The clock could distinctly be heard from where I was sitting. Each second represented a different thought swirling in my mind. To distract myself I glanced around, but the photos that took up most of the wall space seemed bleak and mundane. I was waiting for my boyfriends cast to be fitted as he had sustained a bad injury a few days earlier in a soccer game, and I was thinking of how stressful of a week it had been. The same thought occupied my mind, what had he done to deserve this? He has a positive attitude everyday, is the kindest person, works his ass off, and he received this injury. The doctors had actually told him he had done his ACL but the scans came back that it was other ligaments and didn’t require surgery. That was a relief, but we were still feeling despondent and glum.
So whilst I was sitting in that waiting room, a mum and daughter came in. The girl was disabled, and had extreme trouble walking in, her feet turned inwards and dragged across the floor. I hopped across onto another seat so they could sit together, then the mum said with a smile, ‘oh don’t worry, she’s going to play with the toys, she knows the drill.’ I smiled back yet my whole stomach has sunk. Here I was thinking that we had gone through something emotional, when people have to fight a battle every single day just to live a normal life. Matt’s injury was instantly put into perspective for me. I thanked my stars that he hadn’t done an injury where his future would be a struggle.
That night Matt and I talked about the law of attraction, which says that you bring every negative thing into your life, which basically means you deserve every bad thing that happens to you because you brought it on through negative thinking.
I wondered out loud, ‘what about children with cancer, or disabilities? How can someone possibly bring something that terrible onto themselves, when children are the epitome of innocence and carelessness?’
How does the law of attraction work when some people can ease their shower to the perfect temperature whilst others don’t have clean water to drink?

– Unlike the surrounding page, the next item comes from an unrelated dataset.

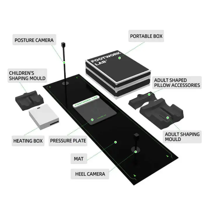 The F-Move Pro from FOOTWORK LAB is a portable foot scanner and rehabilitation machine designed for foot and gait assessment, posture correction and producing heat-moldable insoles. It includes a foot pressure sensor/pressure plate and generates detailed test reports including orthotic foot arch type.

Going through this tough week has made me realise how lucky I have it.
Can we see the beautiful world around us every day?
Can we feel love and warmth and happiness?
Can we easily walk, either with freedom or without injury?
Can we talk freely, without being scared of what may happen to you if you speak the truth?
Can we feel a tender touch, the sun and breeze on our skin?
Can we eat every day?
It was a difficult week and there’s a lot of hard work ahead for my boyfriend with rehab; but everyone around me is healthy and happy, and I am SO thankful for it.